Богдан открыл глаза.
— Хорош совет, а? — мрачно спросил он.
Баг перевел на него ничего не выражающий взгляд.
— Что?
Судя по всему, Баг вообще не слышал песни. Богдан смутился и сунул лицо в очки.
— Ну, интересненького нашел? — спросил он.
Баг чуть пожал плечами.
— Для нас – ничего. Дом этот, на Спасопесочном – казенный оказался.
Концерт, видать, закончился – отчетливо пропиликали сигналы точного времени. Едва слышный голос диктора принялся излагать какие-то новости.
— И представь, еще осенью его должны были поставить на капитальный ремонт. — Баг ткнул пальцем в лежавшие у него на коленях бумаги. — Жильцов расселили… И тут внезапно перечисление денег отчего-то затормозили, а пока суть да дело, все квартиры предложили от городской казны в краткосрочный наем для желающих… Сидит у них там умник, видно, большой по деньгам. Но надо было плату назначать ниже, либо дом сперва хоть маленько подлатать… тогда бы отбою не было от желающих – центр ведь. А тут…

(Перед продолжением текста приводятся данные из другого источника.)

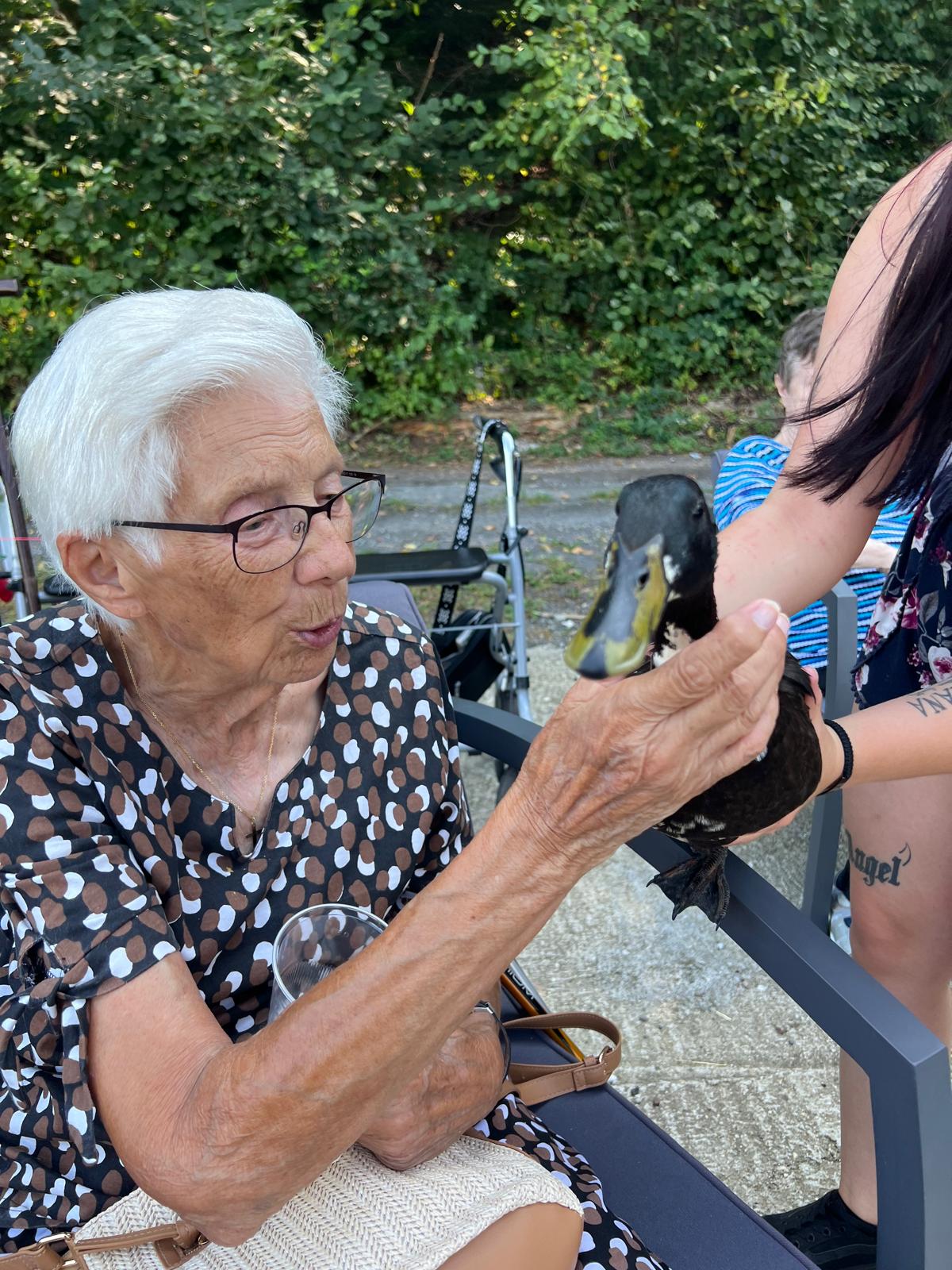 Auf Einladung zweier Mitarbeiterinnen des Hauses machten einige Bewohner:innen des SeneCura Sozialzentrums Söchau kürzlich einen Ausflug zur kleinen Farm der Beiden. Bei Kaffee, köstlichem Kuchen und kühlen Getränken konnten die Tiere bestaunt und gestreichelt werden. Corina und Melissa, die tierliebenden Besitzerinnen, kennen jedes ihrer vielen Tiere beim Namen und kümmern sich liebevoll um ihre Schützlinge. Die Seniorinnen und Senioren genossen den lustigen Nachmittag und es war für sie ein besonderes Erlebnis zwei Mitarbeiterinnen zu Hause zu besuchen.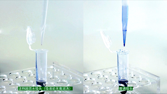 潔特生物ZEROTIP®超疏水吸頭吸液前吸頭無需潤洗,可直接進行移液操作,極大地提高了移液操作效率。

— Только Саха Рябой и соблазнился, — сокрушенно качнул головой Богдан. — Хацза ему в центре понадобилась…
“Сам соблазнился или подсказал кто?” — мелькнула странная мысль. Она не была порождена никакими событиями и фактами; но уж слишком все теперь напоминало Богдану кем-то разыгрываемую пьесу. Партию. Ровно кто фигурками по доске шахматной водил. Следя за одной фигуркою, замысла игрока ввек не поймешь, будешь думать, что это она сама с клетки на клетку скачет, — ан на самом деле… В двух ведь шагах хацза от гробницы Мины. Семь минут ходьбы… Случайность?
Ечи примолкли, вновь погрузившись в свои невеселые думы.
“…Согласно последней воле покойного, — попискивал в тишине диктор, — собрались лишь ближайшие друзья и единочаятели. Траурная процессия проследует от делового центра «Сытые фениксы», где только что завершилась гражданская панихида, до Огоньковского кладбища…”
Богдан на миг потерял дыхание.
— Слушай, еч, — негромко, боясь поверить, проговорил он. Баг, оторвавшись от рассеянного разглядывания бумаг на коленях, поднял голову. Взглянул на минфа настороженно и выжидательно. — Мне все время не давала покою мысль, будто я слышал что-то… до дела до нашего прямо относящееся. А вот сейчас вспомнил. Покуда меня несли, я на морозце, видать, на краткий миг очухался… или когда в комнатушке той на пол кинули… Даже сказать точно не могу когда, я потом опять отключился. Но слышал… и это не Пашенька со товарищи болтали, а Крюк с Кулябовым. По-моему, Крюк сказал: “Полежит тут до окончания похорон, а мы когда закончим, придем, сменим этих и его отпустим”. Понимаешь?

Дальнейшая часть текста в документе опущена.